We need to expose and confront the European financial institutions still funding Russian fossil fuels and the war. We have identified the top ten banks & investors based in Europe invested in the Russian oil and gas sector that have not committed to end finance to Russian fossil fuel companies:
— Intesa SanPaolo,
— Société Générale,
— Raiffeisen Bank International,
— Credit Suisse,
— East Capital,
— Carnegie Fonder.
People understand that money flows can go to socially or environmentally damaging activities, for example the destruction of a centuries-old forest to make space for a motorway or investing in dangerous energy extraction practices such as Arctic drilling, fracking, shale oil and gas. They also know that money flows can and should be redirected towards peace and safety, prioritising the needs of people and creating just economic and social systems.
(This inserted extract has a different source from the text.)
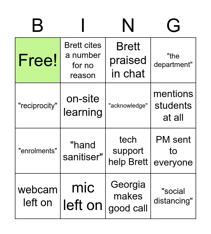 This bingo card has 16 words: webcam left on, mic left on, Brett praised in chat, "the department", "reciprocity", Brett cites a number for no reason, tech support help Brett, PM sent to everyone, Free!, on-site learning, Georgia makes good call, mentions students at all, "enrolments", "hand sanitiser", "acknowledge" and "social distancing".

Ukranians living in Vienna protested in front of the Raiffeisen Bank during the bank’s annual general meeting at the end of March and demanded that it quits its ties with the Russian market and stop sponsoring the war in Ukraine. Czech activists protested at Société Générale, Raiffeisen Bank and UniCredit’s Czech subsidiaries in April and demanded they stop financing Russian fossil fuels and the war. Greenpeace is relentlessly protesting the fossil fuel dependence that funds Putin’s invasion and has been urging financial institutions to stop providing financial services to fossil fuel companies for years.
Stopping the money flowing to Russian fossil fuels could help end this war sooner: it is an emergency. All over the world, fossil fuels have driven conflicts and political instability, and they will continue to do so as long as we consume and fund them.
A secure and safe energy system will be a huge part of creating lasting peace. Turning to renewables and energy efficiency redirects money from conflict to securing peace. We have to cut money flows that perpetuate violence and injustice and use money to create a better and safer world.